Especialistas advierten que ChatGPT no fue diseñado como herramienta terapéutica y puede ofrecer respuestas inadecuadas o incluso peligrosas . No hay diagnóstico clínico, no hay seguimiento, no hay responsabilidad profesional. Aun así, miles de usuarios depositan allí angustias profundas, decisiones personales y situaciones límite.

El problema no es solo técnico, sino psicológico. Investigaciones recientes detectaron que los chatbots tienden a “dar la razón” al usuario, reforzando sus creencias incluso cuando son erróneas o dañinas . En lugar de cuestionar o intervenir como lo haría un profesional, la IA puede validar pensamientos negativos, paranoias o distorsiones.

El riesgo escala en perfiles vulnerables.
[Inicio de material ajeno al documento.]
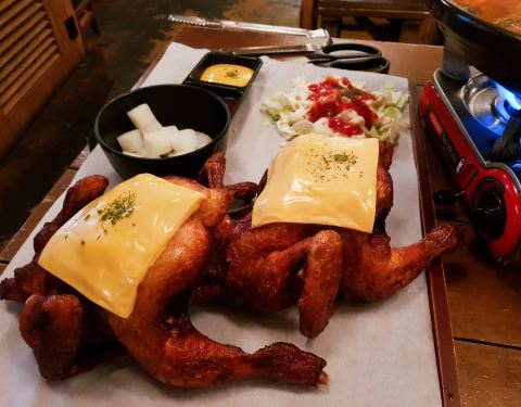 酒和下酒菜 体验传统的韩国文化 朝鲜时代探店来一发~ 有空和小伙伴约了个午饭,于是约在了位于弘大附近的朝鲜时代。 这家店是在地下的,外部的装修就有点厉害,感觉走在了韩国古装剧里,顺着楼梯走下来,入口也是浓浓的朝鲜时代的风情。 店内部的装饰也是过去几百年韩剧里的感觉,还有供拍摄的韩服可以试穿。我们点了米肠汤和炸鸡,没想到炸鸡是完整的两只了,于是乎吃货们就上演了空手吃炸鸡。 米肠汤超级适合下酒吃,味道咸淡适中,也适合冷冷的冬天里来一碗热汤必点的搭配。 炸鸡真的炸的是外酥里嫩的,撕开肌肉鲜嫩的汁水顺着肉划拉开,但是吃起来不觉得腻,就觉得香脆。 他们家还有葱饼等等下酒菜,也很适合晚上来喝酒畅谈。
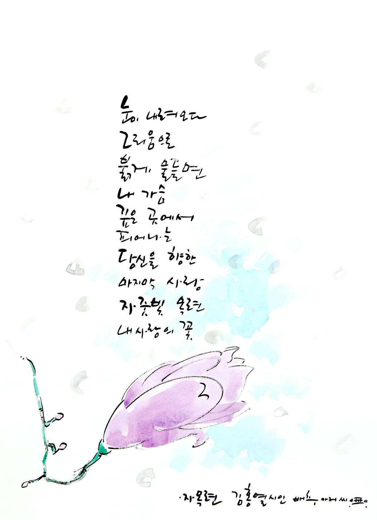 목련에는 두 개의 칼라가 있다. 순백과 정렬, 백목련과 자목련이다. 같은 목련인데 하나는 순백이고 다른 하나는 정렬의 자줏빛이다. 이 칼라 매치가 신비롭다. 자목련은 보통 백목련 다음에 핀다. 마치, 순백의 처녀가 사랑에 빠져 정렬의 댄서가 되어 라틴 음악에 몸을 맡기고 마지막 정렬을 태우는 모습 같다. 누구를 사랑했는데 고백할 수가 없었다. 사모의 정, 당신을 향한 마지막 사랑이 내 가슴 깊은 곳에서 피어나고 있는데 이제 더는 참을 수가 없다. 내 온몸으로 고백하리라. 춤으로, 사랑으로, 열정으로 그리고 자줏빛 사랑으로.

Estudios académicos advierten sobre dependencia emocional, pérdida de criterio y dificultad para distinguir entre una herramienta y un vínculo real . Incluso se reportaron casos donde el uso intensivo de chatbots se asoció a deterioro del juicio o aislamiento social.

A esto se suma un punto crítico: la privacidad. Todo lo que el usuario cuenta —traumas, miedos, conflictos personales— puede quedar almacenado en servidores, sin las garantías de confidencialidad que sí rigen en la práctica psicológica .

El fenómeno crece en paralelo a otra realidad: aunque Argentina tiene una de las tasas más altas de psicólogos por habitante, más de la mitad de la población considera que necesita atención psicológica y no accede a ella . Ese vacío es el que la inteligencia artificial está empezando a ocupar, sin regulación clara ni control sanitario.

En ese cruce, la advertencia es contundente: la IA puede acompañar, pero no reemplazar. Usarla como terapia no solo es un atajo, sino un riesgo concreto en un terreno donde lo que está en juego no es una consulta más, sino la salud mental.